Beh, se ad esempio le promesse dell’Algeria di aumentare i flussi non fossero mantenute, cosa molto probabile, noi avremmo comunque le infrastrutture potenzialmente in grado di importare dal mare. Se invece tutto dovesse andare secondo i programmi, allora l’Italia sarebbe un punto d’approdo per una parte dei flussi verso il centro Europa.

Diventeremmo uno snodo autostradale del gas?

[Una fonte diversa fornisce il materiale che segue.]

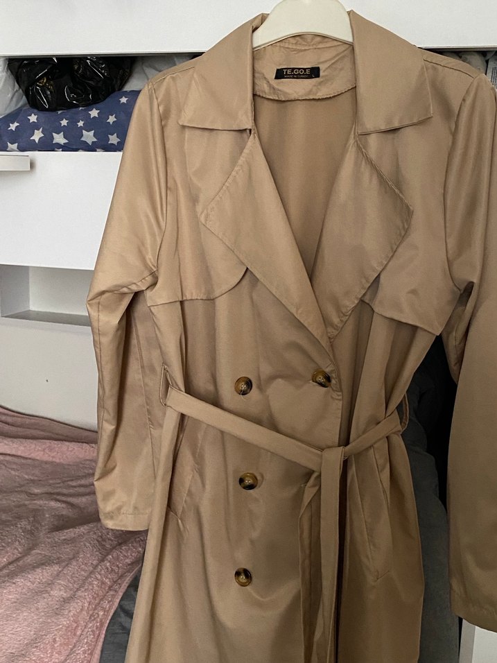 Bej renkli, parlak görünümlü düğmeli, bol kesim trençkot. Askılı kollu ve keskin yaka detayı ile günlük sokak stiline uygun. Astarsız

Esatto, più snodo che hub, in questo modo aumenterebbe anche l’integrazione anche perché tutti i rigassificatori sono a nord dal momento che a sud esiste un grosso collo di bottiglia, di cui ha parlato molto spesso il numero uno di Eni, Claudio Descalzi.

Alla luce di questo quadro e riflettendo sul ruolo che avranno progetti come Elmed, gli accordi con l’Algeria e questa politica di cavi sottomarini che prolifera in tutto il Mediterraneo (l’ultimo annuncio è quello fra Grecia e l’Egitto), rischia di perdere consistenza il gasdotto EastMed?

É questa l’analisi più rilevante che va fatta. Tra cinque o dieci anni probabilmente la richiesta di gas inizierà a declinare, anche la Germania ha previsto un calo dei consumi di gas già in questo decennio. Allora il problema sarà il ritmo: ovvero chi investirà su un’infrastruttura che collega Israele, Cipro, Grecia e Italia e forse anche la Turchia? L’idea potrebbe ancora avere senso per rifornire, ad esempio, il mercato turco. Ma l’accelerazione subita dalle infrastrutture energetiche in Europa a causa dell’invasione dell’Ucraina rende il progetto di EastMed sempre meno commercialmente utile, perché sarebbe completato non nel brevissimo periodo, quando si presenteranno altre esigenze o altre soluzioni.

Quale via di uscita dunque?

Quel gas presente nei giacimenti del Mediterraneo orientale ovviamente servirà al mondo, per cui potrebbe arrivare da Cipro via Gnl anziché via tubo. Dal momento che l’Italia adesso dispone di Piombino e, a breve, anche di Ravenna, non è impossibile pensare di poter avere un ruolo primario in questa partita. EastMed magari non tramonta del tutto, ma è un’ipotesi che si sta allontanando.